“As people age, the risk of fracturing a bone – whether it’s a hip, a wrist, vertebrae, an ankle or toe, climbs steadily. For women and men who live after a cancer diagnosis, the risk of breaking bone is greater.
“At this year’s San Antonio Breast Cancer Symposium, Dr. Michael Gnant of Vienna gave an update on a major trial of denosumab in its capacity to reduce fractures and possibly stave off metastases. This drug is manufactured and sold by Amgen in a low-dose form as Prolia. Prolia is a monoclonal antibody that doesn’t require intravenous administration; it’s injected under the skin, just twice each year.
“The ongoing trial, by the Austrian Breast and Colorectal Cancer Study Group (ABCSG), includes over 3,400 postmenopausal women with non-metastatic, hormone receptor positive breast cancer. All participants took an aromatase inhibitor, a standard treatment given to lower hormone levels, and were randomized to receive either low-dose (60 milligrams) denosumab or a placebo injection under the skin, twice yearly.”
“One bone-preserving drug is as good as another in early stage breast cancer, a researcher said here.
“In a large randomized trial, there were few differences in anti-cancer efficacy among three different members of the bisphosphonate class, according to Julie Gralow, MD, of the University of Washington in Seattle.
The gist: New research shows that drugs used to treat osteoporosis might help prevent or treat certain types of lung, breast, and colorectal cancer.
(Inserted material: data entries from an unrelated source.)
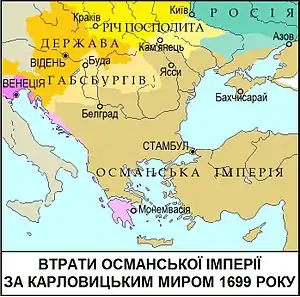 Почався у жовтні 1698 року у Карловицях (нині Сремські Карловці). 16 січня 1699 року підписано договір Османської імперії з Річчю Посполитою, за яким останній офіційно повернули Поділля, включаючи частину території сучасної Тернопільщини (так звана Чортківська нахія Кам'янецького еялету Подільського пашалику). Бучацький мирний договір 1672 року втратив юридичну силу.
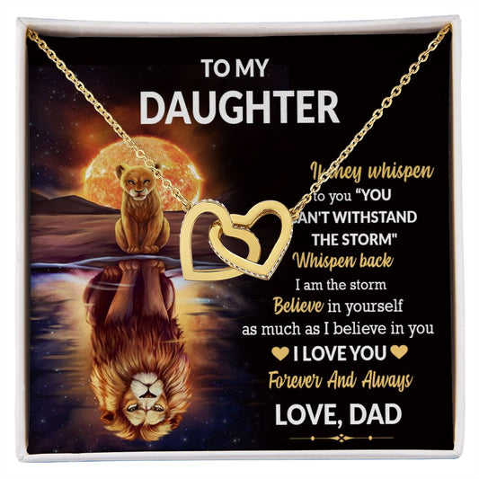 Daughter Lion Storm Whisper Interlocking Hearts Necklace
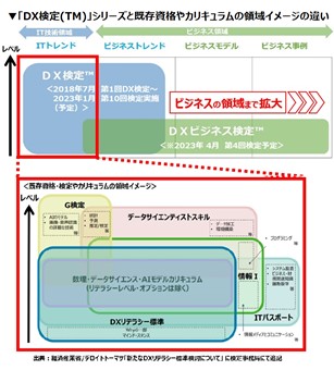 ■「DX検定(TM)」とは(図「DX検定シリーズと既存資格やカリキュラムの領域イメージの違い」をご参照ください)
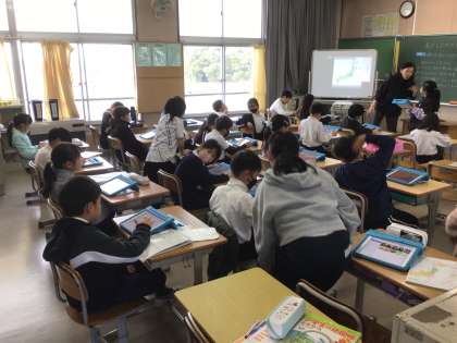 4年生は社会科でタブレットを使って学習します。
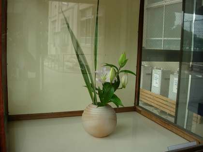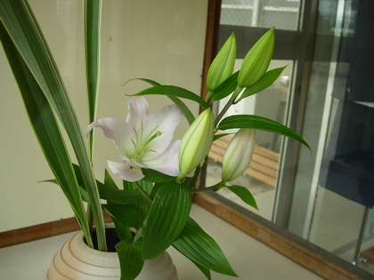 夏休みまであと1週間。今日は梅雨の中休みで、朝から蒸し暑い晴天の1日です。こんな暑い日には、大輪のユリの花が爽やかさを表現しています。今回の生け花では、左側の細長い葉に注目してください。
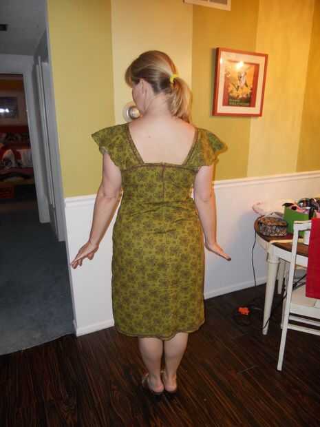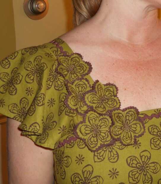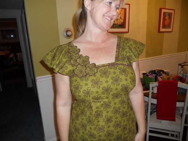 El vestido es simple: una simple banda lanzada a través de la parte superior y una falda-vestido de noche. He añadido una alboroto de la manga a la correa de hombro ancho 1". Luego adornado con cinta marrón en la parte superior, sobre los hombros y en el dobladillo de la parte inferior (no abusar!). Para la diversión real girly, he añadido unas flores corte de sobrantes con tijeras de zig-zag y cosido en algunos ropa de desecho marrón. Entonces lo arreglaron "estilo ramillete".

These drugs, called bisphosophonates, might work against tumors that have abnormalities in the HER gene.
“Researchers have discovered that bisphosphonates inactivate human epidermal growth factor (EGF) receptors to exert antitumor effects, and they say the widely prescribed osteoporosis drugs may prove to be a cheap and useful adjuvant to current therapies for HER-driven cancers.
“Bisphosphonates directly bind to and inhibit HER kinases, including commonly mutated forms that drive non-small-cell lung cancer and other cancer growth and resistance to tyrosine kinase inhibitors, according to two studies published online this week in the journal PNAS Early Edition, by researcher Mone Zaidi, MD, of Mount Sinai School of Medicine, in New York City, and colleagues.
“If the findings are confirmed, bisphosphonates could potentially be repurposed for the prevention and adjuvant treatment of breast, lung, and colorectal cancers that are driven by HER (human EGF receptor), the researchers wrote.
” ‘There is quite a lot of anecdotal literature as well as a few clinical epidemiologic studies suggesting that women who take bisphosphonates (for osteoporosis) have a lower risk for breast and colorectal cancer,’ Zaidi told MedPage Today.
“He added that several studies of cancer patients treated with intravenous bisphosphonates for bone metastasis suggest the drugs have positive effects on tumor cell burden.”
“Many men on hormone therapy for prostate cancer aren’t getting bone-strengthening drugs they may need, new Canadian research contends.
“Hormone therapy, which suppresses male hormones called androgens, helps stop cancer cells from growing. But one consequence of the treatment is weakening of the bones, which can lead to fractures. To reduce this risk, men can be given oral bisphosphonates, such as Fosamax, or an intravenous treatment once a month or once a year with similar drugs, such as Reclast.
” ‘There seems to be a clear mismatch between Canadian guidelines regarding bisphosphonate usage in men undergoing hormone therapy for prostate cancer and actual clinical practice,’ said lead researcher Dr. Shabbir Alibhai, a senior scientist at the University Health Network in Toronto.
“While the low rates of bisphosphonate prescriptions may be appropriate for patients who are at low risk for fracture, most men with osteoporosis or other bone conditions should be taking a bisphosphonate, he said.”
The gist: The drug Xofigo (aka radium-223 dichloride) is often used to treat bone metastases in patients with castration-resistant prostate cancer. New research results show that it is safe and effective for these patients whether or not they have previously been treated with the chemotherapy drug docetaxel.
“Radium Ra 223 dichloride appeared safe and effective in patients with castration-resistant prostate cancer and symptomatic bone metastases regardless of whether they received prior docetaxel, according to a subgroup analysis from a randomized phase 3 trial.
“Results of the ALSYMPCA showed radium Ra 223 dichloride [radium-223 (Xofigo, Bayer)], a targeted alpha-emitter, extended OS compared with placebo in patients with castration-resistant prostate cancer and symptomatic bone metastases. The agent also appeared well tolerated.
“Researchers established prior docetaxel treatment as a trial stratification factor.
“In the prespecified subgroup analysis, researchers sought to assess the effect of prior docetaxel treatment on efficacy and safety outcomes.”